Mencatat ... rasanya banyak sekali serpihan memori tak beraturan. Seperti tujuh orang yang mengelilingiku; Aion yang sebut aku manusia; anak kecil yang berdiri depan pohon besar dan banyak tangan semu putih ingin meraihnya dari langit. Itu semua, mimpi atau kenyataan?
Lalu, kenapa bisa aku amnesia? Apa itu efek ketika berpindah dunia? Saat awal bertemu Profesor Kaidan, kenapa aku bersikeras yakin dengan ingatanku sendiri--dari awal aku lahir hingga sekarang--jika pada akhirnya ternyata aku yang menghapusnya?
Ha-ah, benar-benar harus menyortir isi kepala yang kacau ini.
"Sepertinya aku mendapat panggilan. Fate bisa ikut denganku?"
Ah, aku terlalu tenggelam dalam pikiran sampai tak sadar akan sekitar. Kulihat Crist sedang menggenggam ponsel dan telah beranjak dari sofa.
Dari sini aku hanya bisa melihat si pemuda pergi dengan Fate mengikuti di belakang, meninggalkan kami--aku, Daniel, Cecil--dalam keadaan bingung. Mungkin benar mendapatkan panggilan mendadak yang amat penting, seperti biasa.
"Udah, gitu doang? Kirain apaan," celetuk Daniel dengan bersungut-sungut.
"Red, coba tuh saran dari Fate kamu langsung lakuin. Kayak nulis catatan kecil-kecil di binder terus urutin sesuai yang benar-benar kamu ingat."
"Eh, Cil, tapi serius Red amnesia? Perasaan daya ingatnya kuat deh. Kalau ujian dia hafal jawaban semua soal! Sama jalan-jalan kota juga!"
"Loh, kata Crist menurut penjelasan Bu Caterine, Red yang hapus ingatannya sendiri.

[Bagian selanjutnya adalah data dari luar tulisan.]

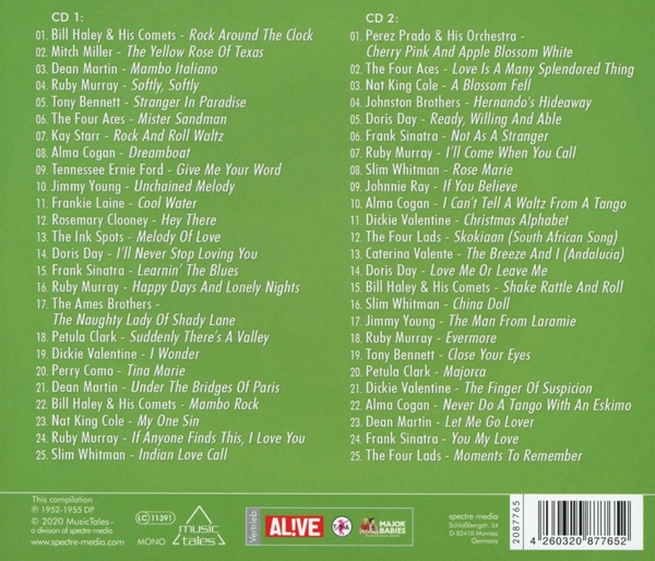 Disc 01 01. Haley, Bill & His Comets "(We're Gonna) Rock Around The Clock" 02. Miller, Mitch "The Yellow Rose Of Texas" 03. Martin, Dean "Mambo Italiano" 04. Murray, Ruby "Softly softly" 05. Bennett, Tony "Stranger in Paradise" 06. Four Aces, The "Mister Sandman" 07. Starr, Kay / Winterhalter, Hugo's Orchestra "Rock and roll waltz" 08. Cogan, Alma "Dreamboat" 09. Ford, Tennessee Ernie "Give me your word" 10. Young, Jimmy "Unchained melody" 11. Laine, Frankie "Cool Water" 12. Clooney, Rosemary "Hey there" 13. Ink Spots, The "Melody of love" 14. Day, Doris "I'll Never Stop Loving You" 15. Sinatra, Frank "Learnin' the blues" 16. Murray, Ruby "Happy Days And Lonely Nights" 17. Ames Brothers, The "The naughty lady of Shady Lane" 18. Clark, Petula "Suddenly there's a valley (English)" 19. Valentine, Dickie "I wonder" 20. Como, Perry "Tina Marie" 21. Martin, Dean "Under The Bridges Of Paris" 22. Haley, Bill & His Comets "Mambo rock" 23. Cole, Nat King "My one sin (Il peccato sei tu)" 24. Murray, Ruby "If Anyone Finds This, I Love You" 25. Whitman, Slim "Indian love call"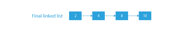 The middle node of this list is 6. We have to remove the middle node from the list. After we remove the middle node, the final linked list will look like this:

Tapi kalau itu perbuatan kamu yang pasti dilakukan dengan kesadaran penuh, kenapa bisa terbuka lagi walau dikit-dikit?"
"Aku juga bingung dengan isi kepalaku sendiri," jawabku penuh rasa campur aduk.
Sungguh, selama ini aku hanya memikirkan orang lain sampai lupa dan tak sadar pada keanehan dalam diriku selain keabadian yang kian memudar.